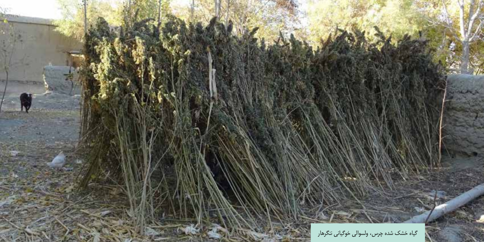
گیاه خشک شده چرس، ولسوالی خوگیانی ننگرهار

علاوه بر این، در جهانی که تولیدات تریاک قانونمند شده است تقاضای بسیار کم برای تریاک خام وجود دارد. کمپنی های کلان داروسازی ترجیح میدهند از کاه کوکنار تغلیظ شده (CPS) استفاده نمایند. ۴۵ کاه کوکنار تغلیظ شده (CPS) با ارائه ۹۵ فیصد مواد خام تریاک غنی شده با مورفین حجم کلان از عرضه جهانی تولیدات تریاک را تشکیل میدهد. ۳۶ همچنان استخراج الکلوئید از کاه کوکنار تغلیظ شده (CPS) دارای ضایعات باقیمانده کمتر نسبت به تریاک خام می باشد و بدین جهت چالشها (و مصارف) و خطرات محیطی آن کمتر می باشد. تولید تریاک با استفاده از کاه کوکنار تغلیظ شده (CPS) به دلایل زیر نیز ترجیح داده میشود: از نگاه اقتصادی نسبت به استخراج تریاک دارای مقیاس اقتصادی چشمگیر می باشد، زمینه های تبدیل آن به بازار غیرقانونی نیز کمتر می باشد، و محصول نهایی آن از نگاه وزن دارای ارزش بالاتر می باشد که بدین جهت مصارف ترانسپورت را کاهش داده و مصونیت آن بیشتر می باشد.
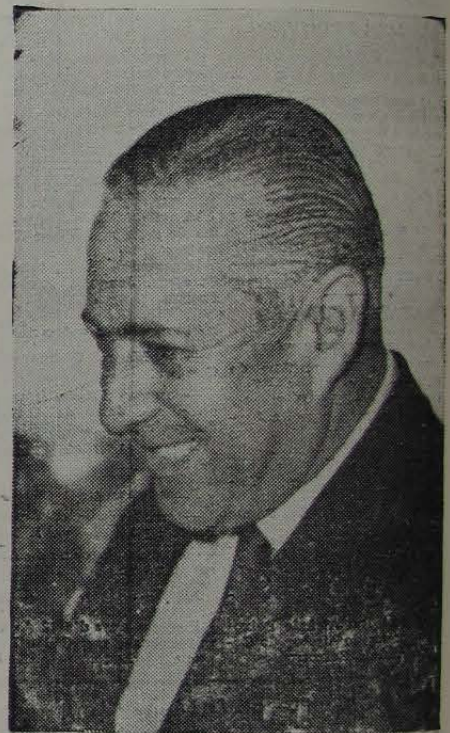
O HOMEM — Até onde irá o seu dinamismo?
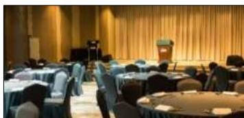
グランドボールルーム 250席
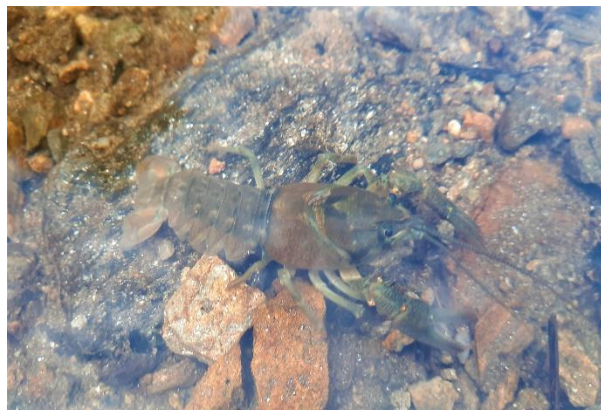
Racul de ponoare (Austropotamobius torrentium)
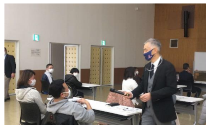
先生から質問が出されそれを隣の人と考えるというのをしました。
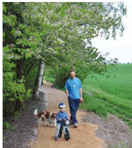
Procházka po nově upravené Mratínce.

Při jarní úpravě Mratínky vzalo za své několik šípových keřů a náletových dřevin. Obec se zavázala, že místo nich sem vysadí nové kvalitní stromy. V budoucnu by tuto cestu pro pěší do Měšic měly
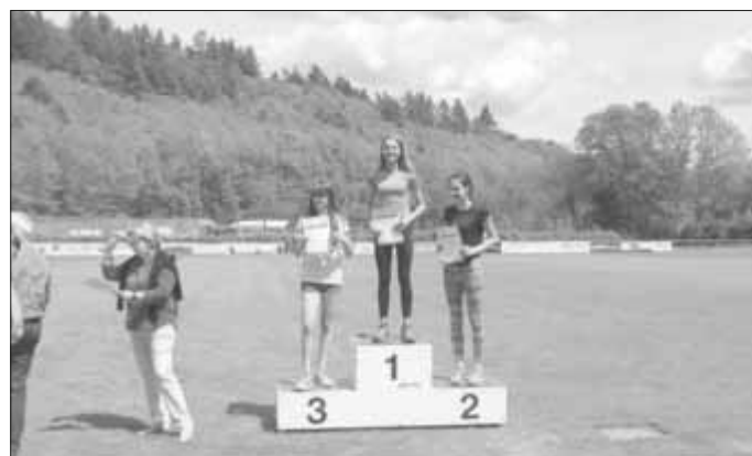
Text und Bilder: Jana Schneider
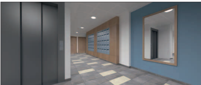
Le hall d'entrée totalement rénové
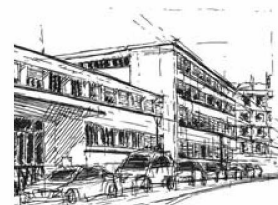
La Bibliothèque nationale vue de l'extérieur, dessin : Basil Linder

Le taux d'occupation moyen des places de travail a été de 36 % sur l'année (2010: 39 %). Les nouvelles salles publiques aménagées en 2010 ont rencontré un bon écho ce qui n'a pas empêché un recul de la fréquentation. La publicité sur différents canaux, notamment sur Facebook, n'a inversé cette tendance que l'espace de quelques mois. On attend de la rénovation en cours de l'infrastructure technique des salles publiques qu'elle entraîne une hausse durable de la fréquentation. Les usagers souhaitent pouvoir disposer de leurs outils techniques habituels à la bibliothèque, comme en atteste la demande croissante d'accès WLAN.

_ _ _ _

→ ASSIGNED TASK:
In the records above, find the line with "Při jarní úpravě" and the line with "Text und Bilder: Jana Schneider". Write out exactly those lines and every one between, with no pictures and no other lines.

→ FINISHED TASK:
Při jarní úpravě Mratínky vzalo za své několik šípových keřů a náletových dřevin. Obec se zavázala, že místo nich sem vysadí nové kvalitní stromy. V budoucnu by tuto cestu pro pěší do Měšic měly
Text und Bilder: Jana Schneider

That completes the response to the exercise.